Exercise details => Please print, exactly, only the lines in the entries below from the line that has "A man sleeping" through the line that has "Elisabeth Jäger aus". Pictures don't go in.

Extracted entries =>
• • • • •

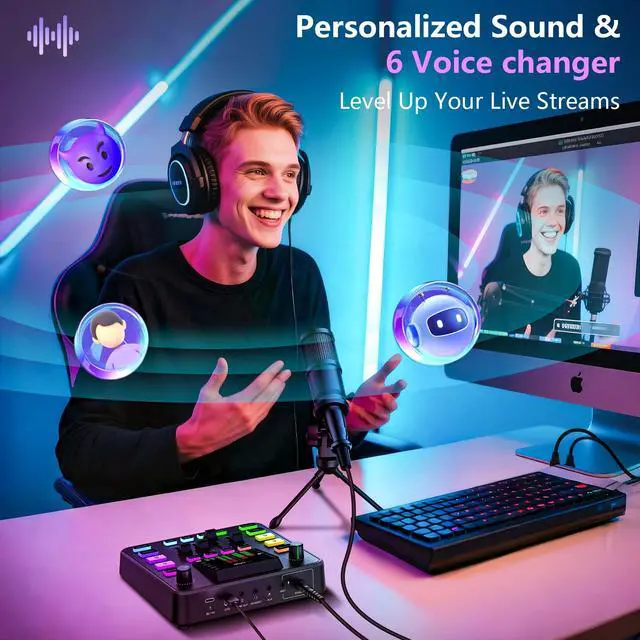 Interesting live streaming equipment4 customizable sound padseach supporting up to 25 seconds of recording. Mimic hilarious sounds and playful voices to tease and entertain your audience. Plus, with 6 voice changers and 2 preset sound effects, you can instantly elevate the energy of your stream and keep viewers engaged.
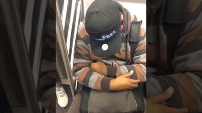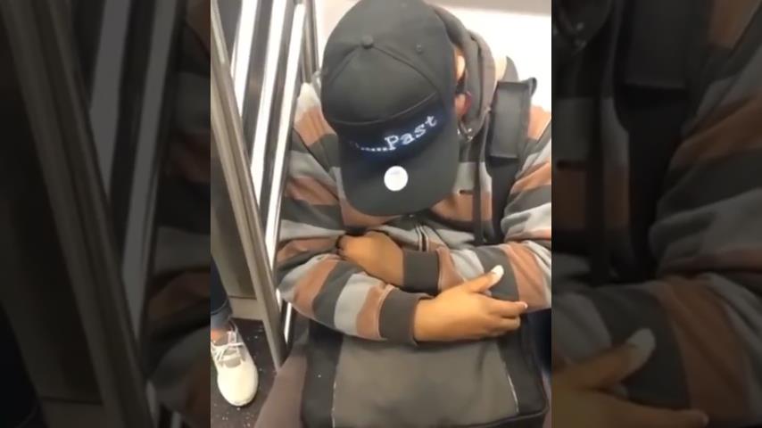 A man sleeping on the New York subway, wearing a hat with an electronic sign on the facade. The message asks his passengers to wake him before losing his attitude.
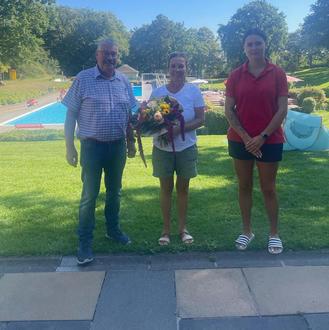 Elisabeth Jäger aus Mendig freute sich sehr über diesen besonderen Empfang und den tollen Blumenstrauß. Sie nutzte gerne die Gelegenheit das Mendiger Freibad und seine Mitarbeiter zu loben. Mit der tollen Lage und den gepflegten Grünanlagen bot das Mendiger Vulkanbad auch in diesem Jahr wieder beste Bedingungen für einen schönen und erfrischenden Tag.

• • • • •

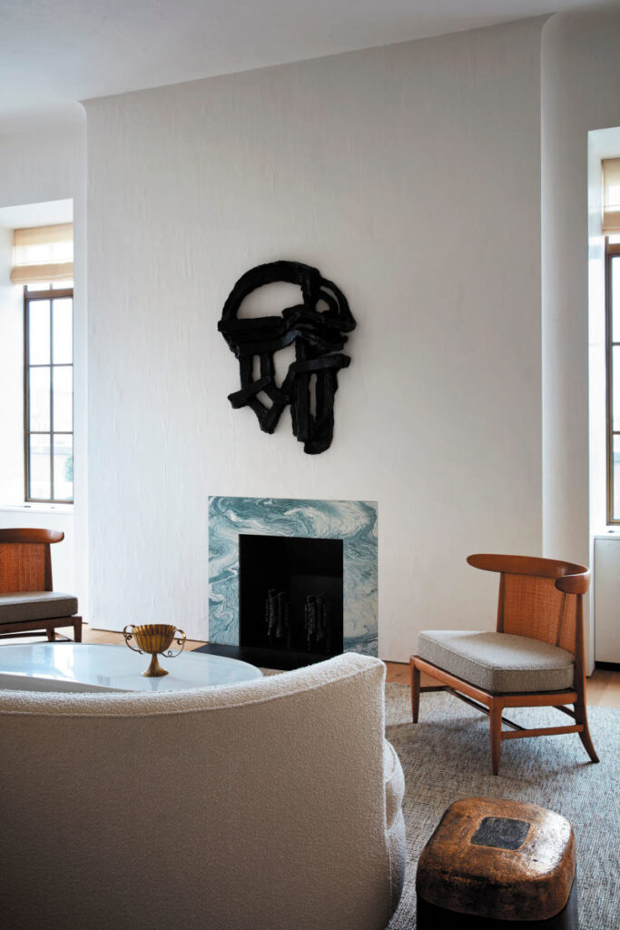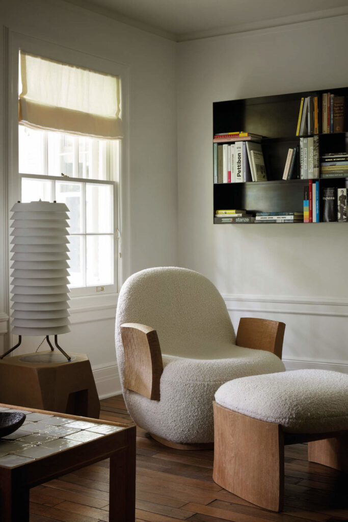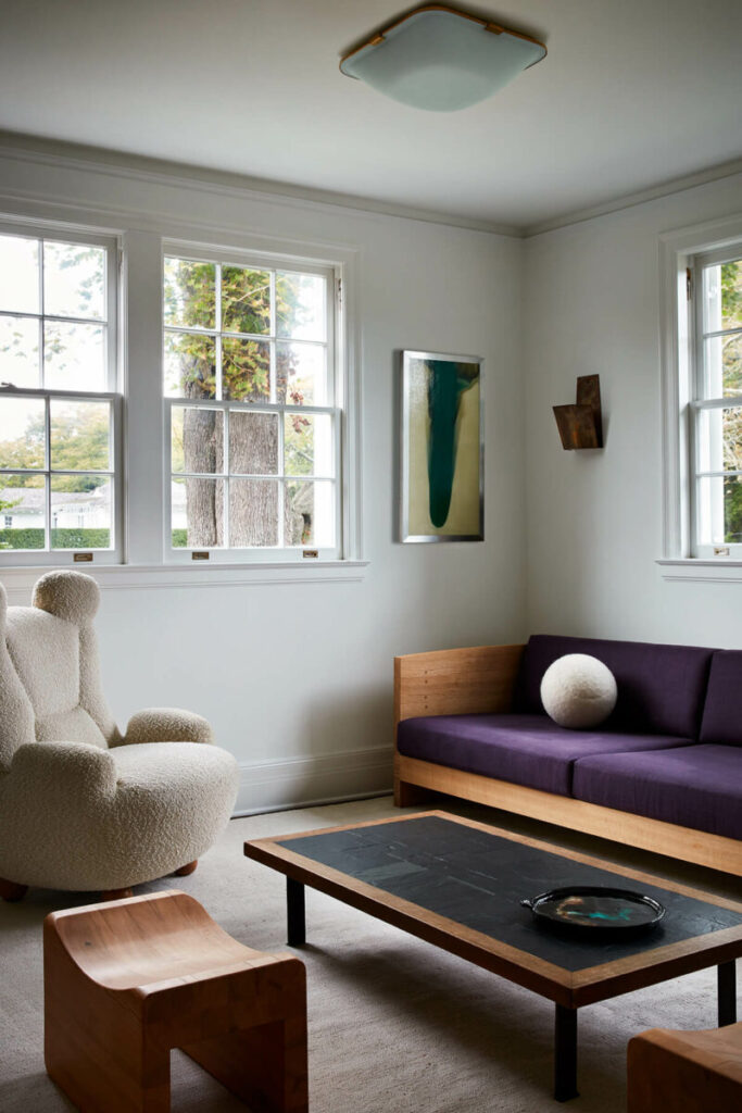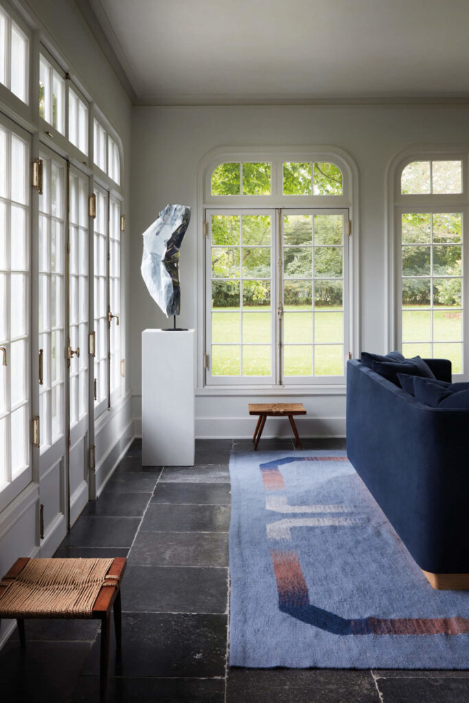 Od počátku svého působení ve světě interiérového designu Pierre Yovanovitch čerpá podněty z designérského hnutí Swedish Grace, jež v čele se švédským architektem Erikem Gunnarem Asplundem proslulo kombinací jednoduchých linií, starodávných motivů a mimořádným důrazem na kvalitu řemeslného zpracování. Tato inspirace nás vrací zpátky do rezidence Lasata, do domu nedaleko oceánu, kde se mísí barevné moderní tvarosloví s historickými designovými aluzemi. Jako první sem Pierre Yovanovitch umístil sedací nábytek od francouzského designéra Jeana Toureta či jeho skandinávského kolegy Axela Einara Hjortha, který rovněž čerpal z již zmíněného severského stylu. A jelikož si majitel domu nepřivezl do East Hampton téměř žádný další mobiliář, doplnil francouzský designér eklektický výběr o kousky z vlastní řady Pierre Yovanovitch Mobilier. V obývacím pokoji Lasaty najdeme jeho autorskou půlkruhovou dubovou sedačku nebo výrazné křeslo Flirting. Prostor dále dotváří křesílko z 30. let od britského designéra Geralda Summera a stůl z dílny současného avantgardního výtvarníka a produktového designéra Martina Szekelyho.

• • • • •

Solution to the exercise =>
 A man sleeping on the New York subway, wearing a hat with an electronic sign on the facade. The message asks his passengers to wake him before losing his attitude.
 Elisabeth Jäger aus Mendig freute sich sehr über diesen besonderen Empfang und den tollen Blumenstrauß. Sie nutzte gerne die Gelegenheit das Mendiger Freibad und seine Mitarbeiter zu loben. Mit der tollen Lage und den gepflegten Grünanlagen bot das Mendiger Vulkanbad auch in diesem Jahr wieder beste Bedingungen für einen schönen und erfrischenden Tag.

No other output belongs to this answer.